Copy the data below exactly. Any pictures in it should be omitted.

*** Opening of DATASET ENTRIES ***

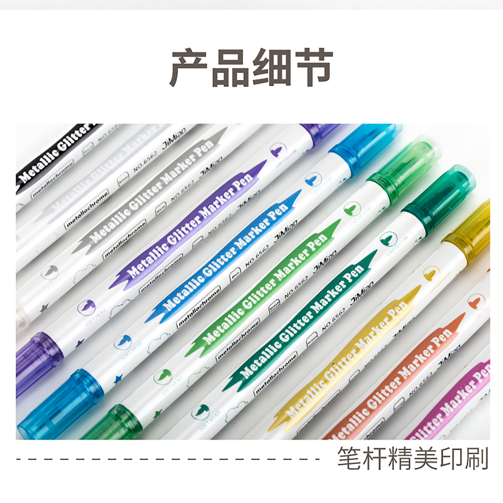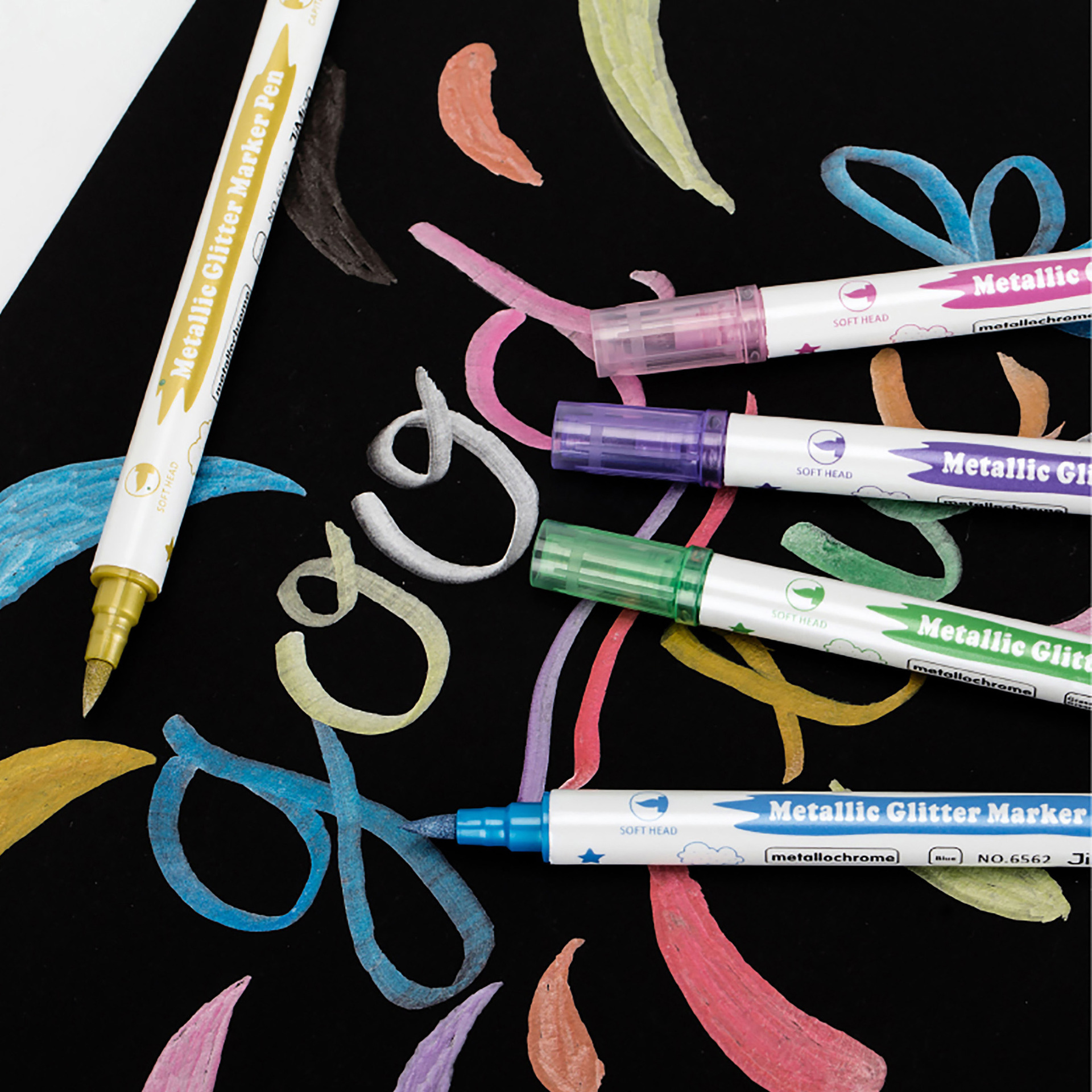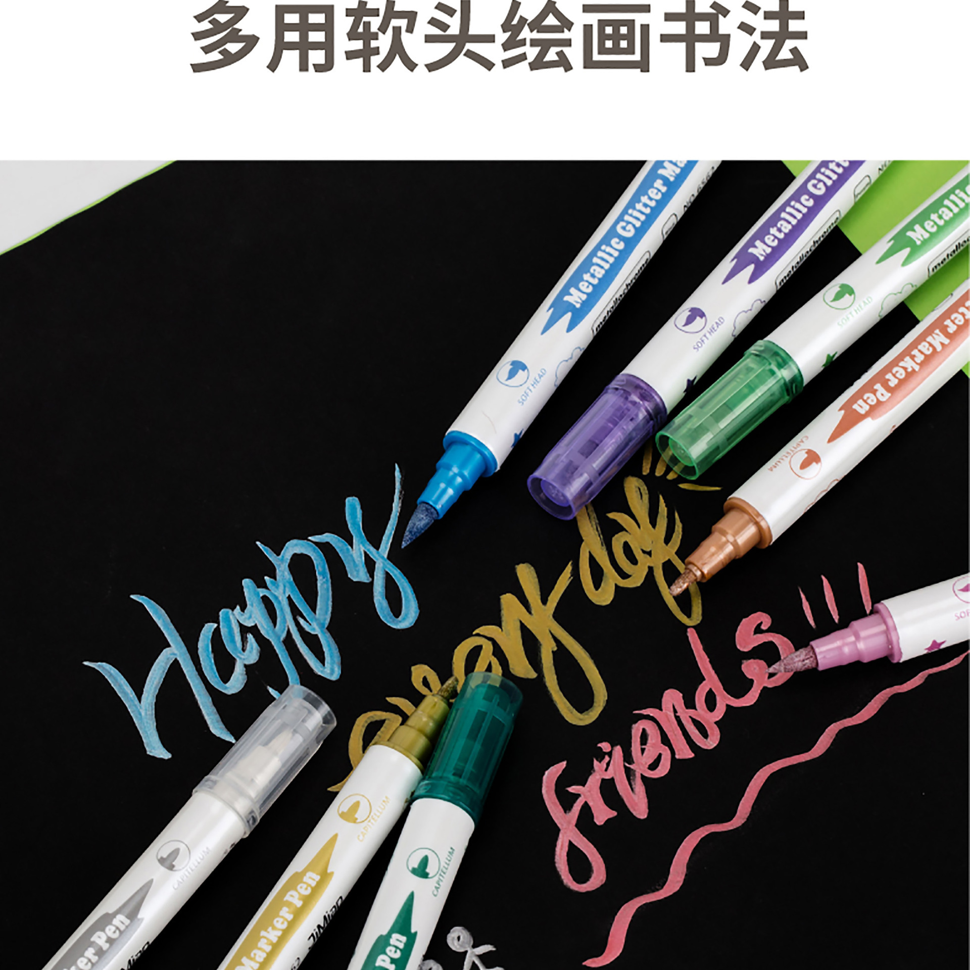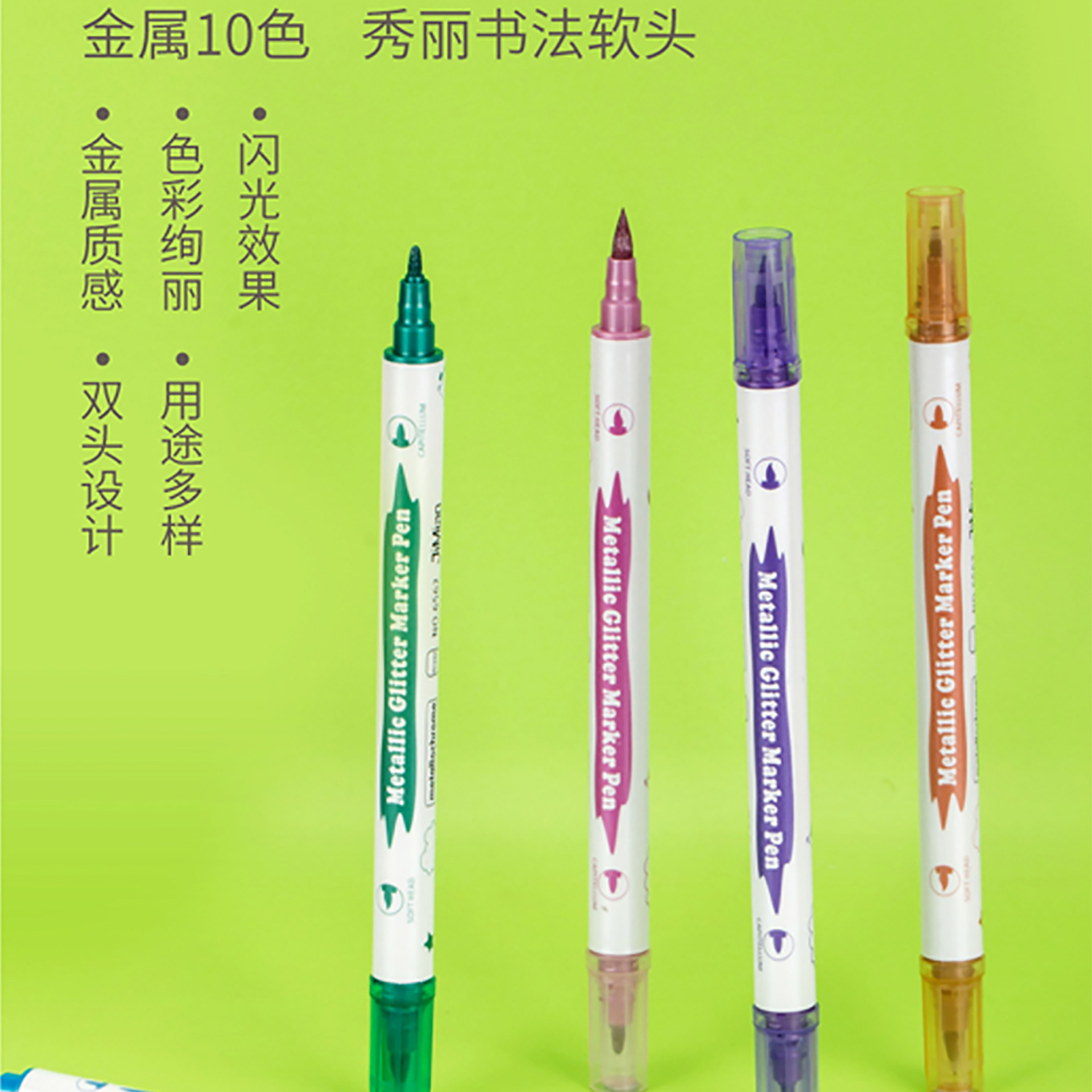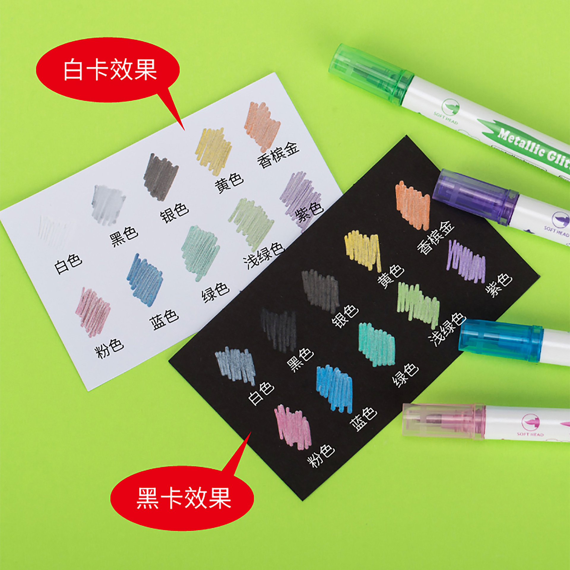 Color de la pluma de pintura de metal de cabeza suave estudiante resaltador de doble cabeza DIY cartón negro mano cuenta caligrafía hermosa pluma destacada
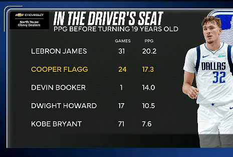 比賽的前場(chǎng)前霍第一節(jié),轉(zhuǎn)播畫(huà)面給出一組數(shù)據(jù),分榜內(nèi)容為19歲前的詹姆球員出戰(zhàn)場(chǎng)次和得分榜單,詳情如下:
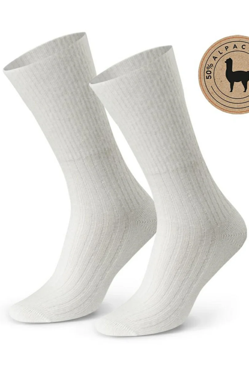 Ponožky z vlny alpaky, ktorá je trikrát silnejšia ako ovčia vlna, neabsorbujú pachy, majú hypoalergénne a tepelnoizolačné vlastnosti. Ich rebrovaná štruktúra zabraňuje zbytočnému tlaku na chodidlo..
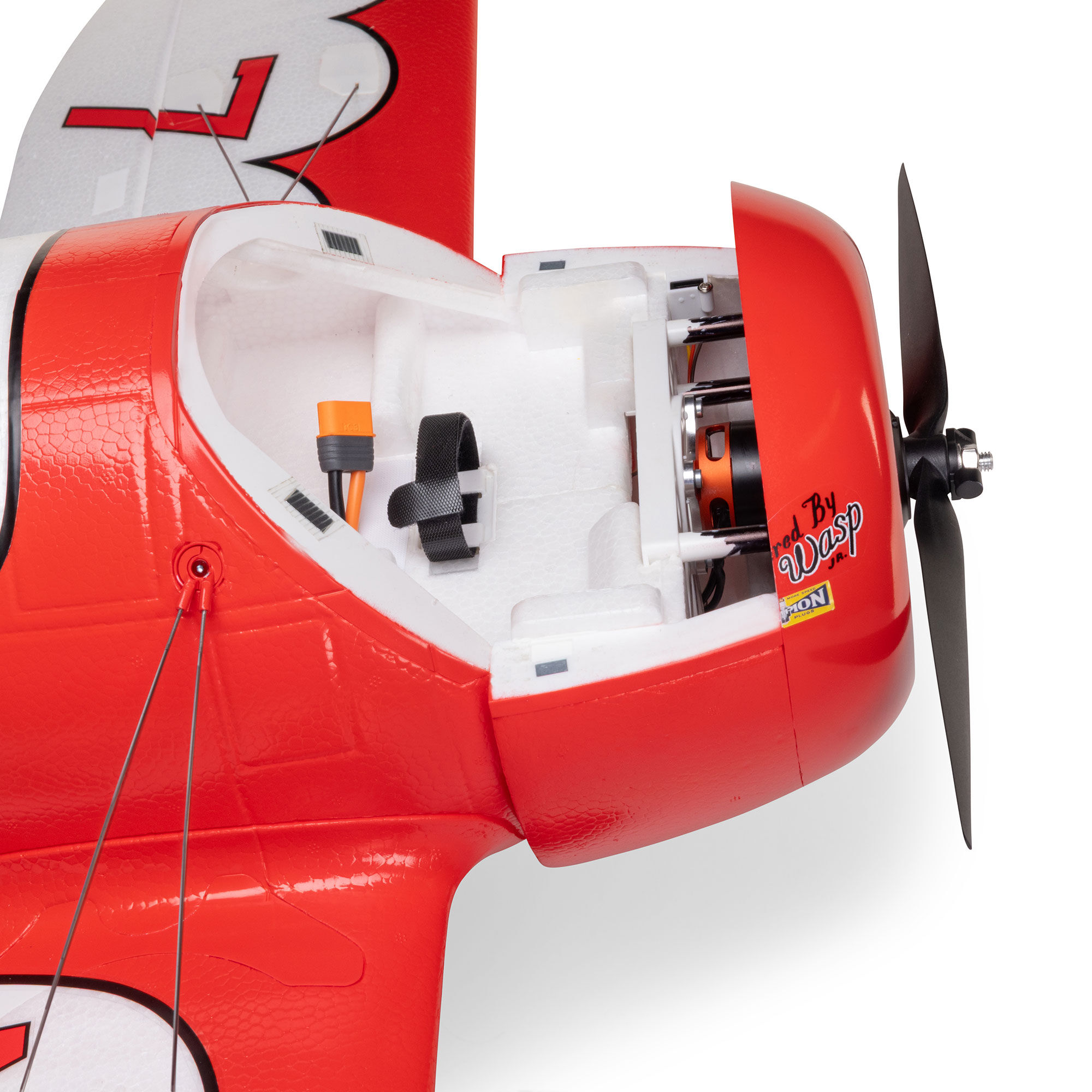 The factory-installed Spektrum brushless outrunner motor is 4S compatible, delivering excellent performance worthy of the original racer, including top speeds upwards of 100 MPH in a dive. The convenient top-mounted and magnetically secured hatch makes it easy to install and remove popular 3200–5000mAh batteries.
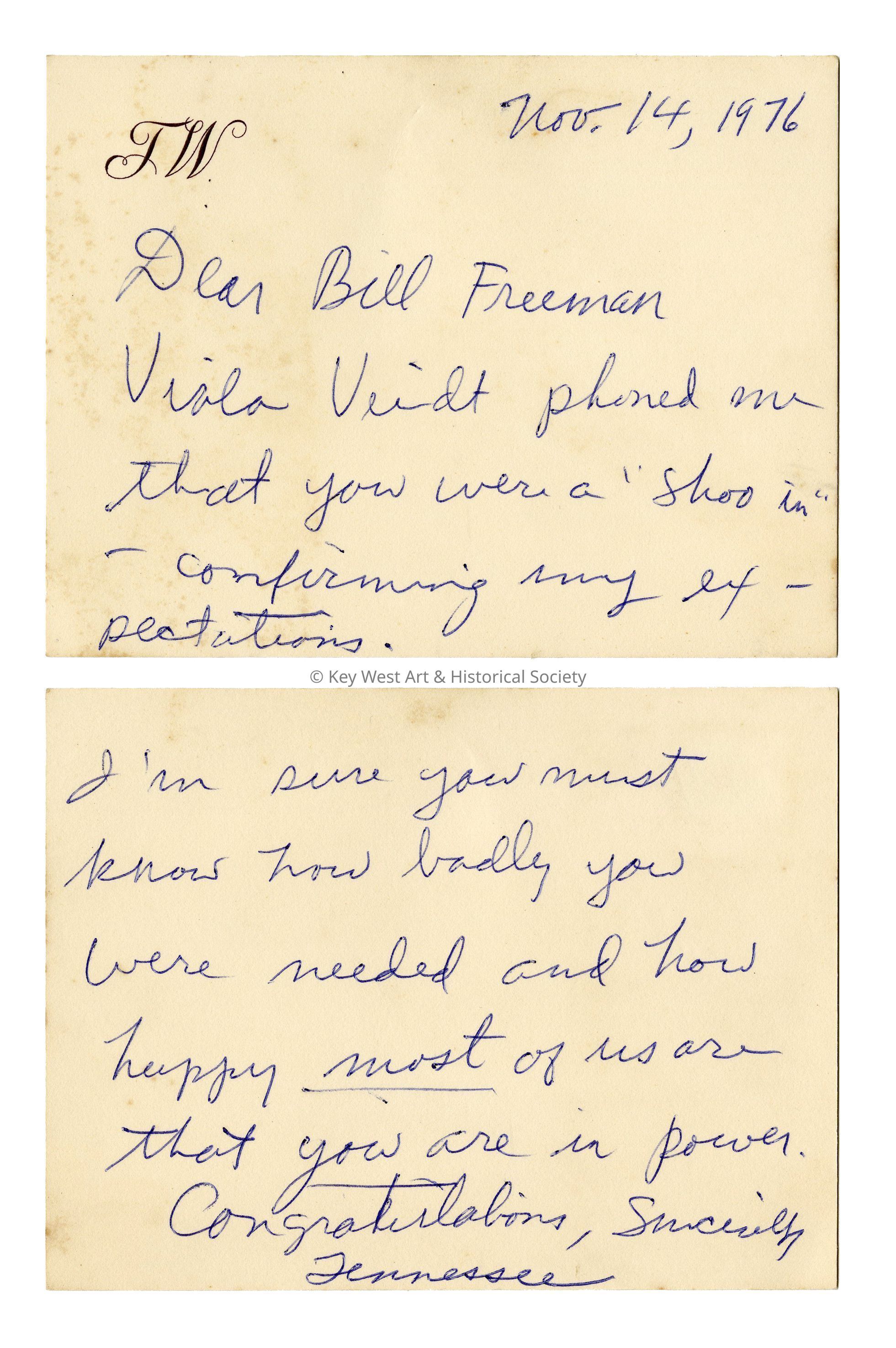 Handwritten thank you letter from Tennessee Williams to Sheriff William Freeman. Written on initialed notecard paper. Letter reads, 'Dear Bill Freeman, Viola Veidt phone me that you were a "shoo in" - confirming my expectations. I'm sure you must know how badly you were needed and how happy most of us are that you are in power. Congratulations. Sincerely, Tennessee'Collection

*** Close of DATASET ENTRIES ***

__OUTPUT FOR THIS TASK__
 Color de la pluma de pintura de metal de cabeza suave estudiante resaltador de doble cabeza DIY cartón negro mano cuenta caligrafía hermosa pluma destacada
 比賽的前場(chǎng)前霍第一節(jié),轉(zhuǎn)播畫(huà)面給出一組數(shù)據(jù),分榜內(nèi)容為19歲前的詹姆球員出戰(zhàn)場(chǎng)次和得分榜單,詳情如下:
 Ponožky z vlny alpaky, ktorá je trikrát silnejšia ako ovčia vlna, neabsorbujú pachy, majú hypoalergénne a tepelnoizolačné vlastnosti. Ich rebrovaná štruktúra zabraňuje zbytočnému tlaku na chodidlo..
 The factory-installed Spektrum brushless outrunner motor is 4S compatible, delivering excellent performance worthy of the original racer, including top speeds upwards of 100 MPH in a dive. The convenient top-mounted and magnetically secured hatch makes it easy to install and remove popular 3200–5000mAh batteries.
 Handwritten thank you letter from Tennessee Williams to Sheriff William Freeman. Written on initialed notecard paper. Letter reads, 'Dear Bill Freeman, Viola Veidt phone me that you were a "shoo in" - confirming my expectations. I'm sure you must know how badly you were needed and how happy most of us are that you are in power. Congratulations. Sincerely, Tennessee'Collection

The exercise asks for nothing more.